── Records provided ──
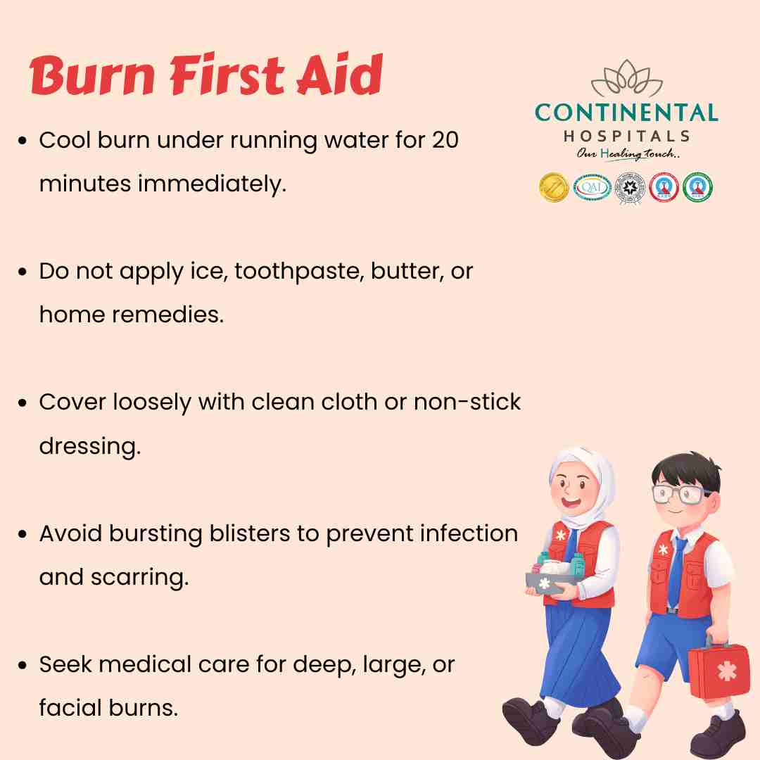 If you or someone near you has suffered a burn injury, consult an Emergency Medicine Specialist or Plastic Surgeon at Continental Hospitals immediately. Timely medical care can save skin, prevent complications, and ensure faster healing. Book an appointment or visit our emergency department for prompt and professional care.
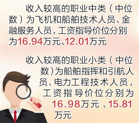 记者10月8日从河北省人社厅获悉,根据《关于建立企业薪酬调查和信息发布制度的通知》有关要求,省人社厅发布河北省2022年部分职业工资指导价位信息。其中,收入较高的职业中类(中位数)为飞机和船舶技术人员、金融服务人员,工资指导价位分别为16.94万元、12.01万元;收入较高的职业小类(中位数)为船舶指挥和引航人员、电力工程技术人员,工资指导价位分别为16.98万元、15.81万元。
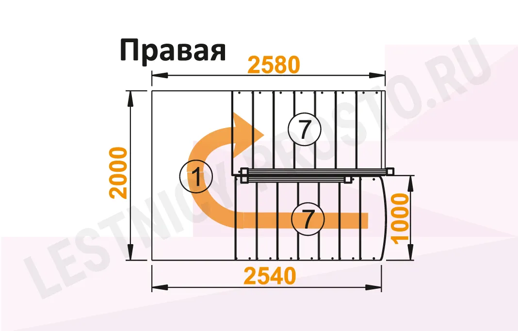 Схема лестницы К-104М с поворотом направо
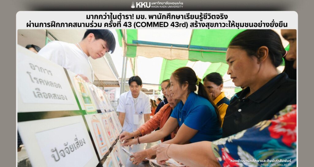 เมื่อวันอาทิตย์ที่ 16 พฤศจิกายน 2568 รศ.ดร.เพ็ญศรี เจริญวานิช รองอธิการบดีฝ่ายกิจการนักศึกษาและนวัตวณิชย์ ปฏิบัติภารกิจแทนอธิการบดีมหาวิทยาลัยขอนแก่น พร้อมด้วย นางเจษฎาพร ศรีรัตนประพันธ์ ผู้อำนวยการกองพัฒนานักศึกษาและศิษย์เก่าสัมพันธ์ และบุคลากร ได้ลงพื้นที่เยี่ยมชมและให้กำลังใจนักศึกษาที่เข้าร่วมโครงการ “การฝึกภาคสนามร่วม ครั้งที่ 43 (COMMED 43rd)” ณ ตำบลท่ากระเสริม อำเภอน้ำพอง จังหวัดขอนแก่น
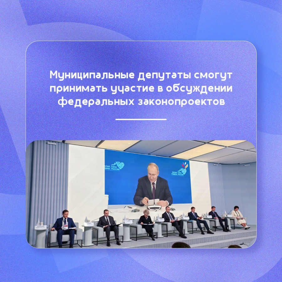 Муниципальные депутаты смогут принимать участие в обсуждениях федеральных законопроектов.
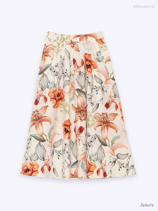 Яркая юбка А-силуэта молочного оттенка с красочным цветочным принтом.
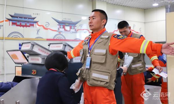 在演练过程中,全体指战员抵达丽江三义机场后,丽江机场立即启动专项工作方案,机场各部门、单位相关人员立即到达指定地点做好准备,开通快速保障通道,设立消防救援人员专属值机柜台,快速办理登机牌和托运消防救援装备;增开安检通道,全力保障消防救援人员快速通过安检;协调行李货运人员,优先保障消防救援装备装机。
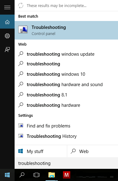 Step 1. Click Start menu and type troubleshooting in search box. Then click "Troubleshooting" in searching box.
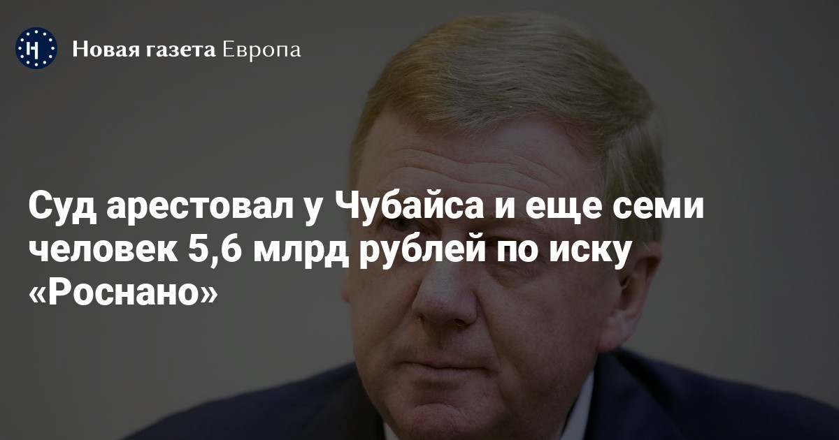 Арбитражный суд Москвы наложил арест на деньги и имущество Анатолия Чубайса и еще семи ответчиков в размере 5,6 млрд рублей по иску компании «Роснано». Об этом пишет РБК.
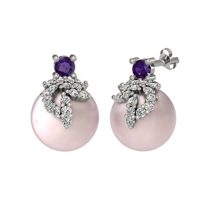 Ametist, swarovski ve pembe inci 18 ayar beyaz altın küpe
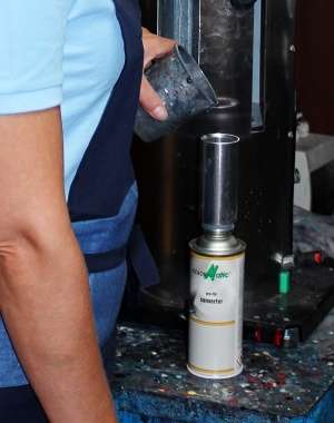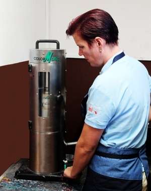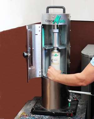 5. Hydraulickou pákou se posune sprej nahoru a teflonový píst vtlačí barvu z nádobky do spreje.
───
The answer consists solely of the lines from the one holding "Муниципальные депутаты смогут" through the last line of the entries above, set down verbatim, without any pictures.

Completed exercise →
 Муниципальные депутаты смогут принимать участие в обсуждениях федеральных законопроектов.
 Яркая юбка А-силуэта молочного оттенка с красочным цветочным принтом.
 在演练过程中,全体指战员抵达丽江三义机场后,丽江机场立即启动专项工作方案,机场各部门、单位相关人员立即到达指定地点做好准备,开通快速保障通道,设立消防救援人员专属值机柜台,快速办理登机牌和托运消防救援装备;增开安检通道,全力保障消防救援人员快速通过安检;协调行李货运人员,优先保障消防救援装备装机。
 Step 1. Click Start menu and type troubleshooting in search box. Then click "Troubleshooting" in searching box.
 Арбитражный суд Москвы наложил арест на деньги и имущество Анатолия Чубайса и еще семи ответчиков в размере 5,6 млрд рублей по иску компании «Роснано». Об этом пишет РБК.
 Ametist, swarovski ve pembe inci 18 ayar beyaz altın küpe
 5. Hydraulickou pákou se posune sprej nahoru a teflonový píst vtlačí barvu z nádobky do spreje.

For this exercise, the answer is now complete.